- Work to be completed -
From the first line of the data below through the line bearing "date = ui->calendarWidget->selectedDate();//", reproduce each line exactly; do not include pictures.

-------------------------

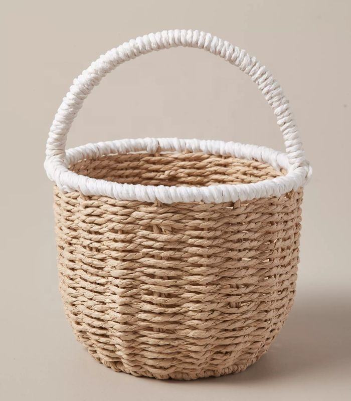 ตะกร้าผักตบชวาทอมือสำหรับเด็ก,ตะกร้าปิกนิกสายกระดาษ OEM แบบกำหนดเองของขวัญวันอีสเตอร์ผลิตในเวียดนาม
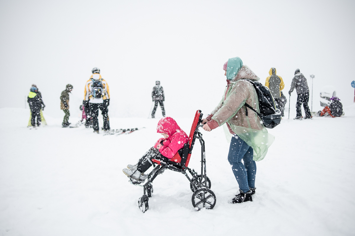Однажды на горнолыжном курорте Сочи фотограф Федор Лавров встретил девочку в инвалидной коляске. Шесть-семь лет с виду, на ногах были какие-то приспособления для поддержки. Ее вытащили из коляски и стали надевать горнолыжные ботинки. Со стороны это выглядело очень странно — по всем признакам ходить она не могла или ходила, но очень плохо
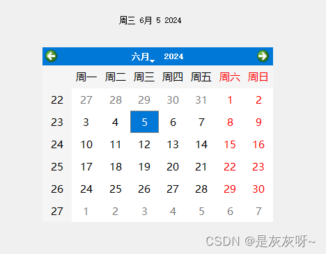 void Widget::on_calendarWidget_selectionChanged(){ QDate date = ui->calendarWidget->selectedDate();// qDebug() << date; //将date转为string ui->label->setText(date.toString());} 运行结果:
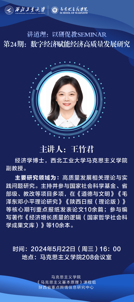 为进一步强化思政课建设与党的创新理论武装同步推进,为新进教师提供教学展示和磨课评课平台,不断加强教学团队内部教学与科研思想的碰撞交流,2024年5月22日下午,太阳成tyc122cc马克思主义基本原理系在院楼208会议室举办第24期“讲道理——以研促教Seminar”。本期主题为《数字经济赋能经济高质量发展研究》,马克思主义基本原理系王竹君副教授做主题分享。
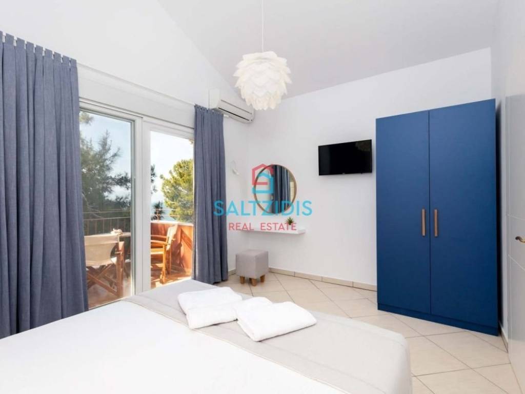 Property Code: 1-374 - House FOR SALE in Thasos Skala Rachoniou for € 800.000 . This 160.48 sq. m. furnished House consists of 3 levels and features 2 Bedrooms, an open-plan kitchen/living room, bathroom and a WC. The property also boasts tiled floor, view of the Sea, Window frames: Synthetic, Armourplated door, a storage unit sqm, garden, fireplace, A/C, electrical appliances, insect screens, double-glazed windows, solar-powered water heater, entry stairs, ceramic roof, open space, internal staircase. The building was constructed in 2010 and renovated in 2022 . Building Energy Rating: C Distance from sea 20 meters,
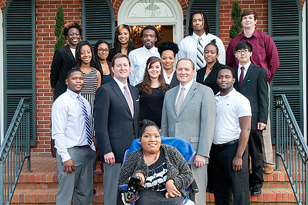 Entergy Mississippi Vice President of Public Affairs John Arledge, front row second from left, spoke to MSU Promise Program students in April at the home of President and Mrs. Mark E. Keenum.
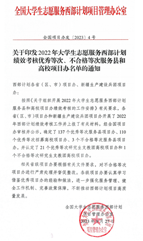 本网讯 近日,全国大学生志愿服务西部计划项目管理办公室发布《关于印发2022年大学生志愿服务西部计划绩效考核优秀等次、不合格等次服务县和高校项目办名单的通知》(〔2023〕4号)。YABO鸭脖荣获2022年全国西部计划“优秀高校项目办”称号。

-------------------------

- Response below -
 ตะกร้าผักตบชวาทอมือสำหรับเด็ก,ตะกร้าปิกนิกสายกระดาษ OEM แบบกำหนดเองของขวัญวันอีสเตอร์ผลิตในเวียดนาม
Однажды на горнолыжном курорте Сочи фотограф Федор Лавров встретил девочку в инвалидной коляске. Шесть-семь лет с виду, на ногах были какие-то приспособления для поддержки. Ее вытащили из коляски и стали надевать горнолыжные ботинки. Со стороны это выглядело очень странно — по всем признакам ходить она не могла или ходила, но очень плохо
 void Widget::on_calendarWidget_selectionChanged(){ QDate date = ui->calendarWidget->selectedDate();// qDebug() << date; //将date转为string ui->label->setText(date.toString());} 运行结果:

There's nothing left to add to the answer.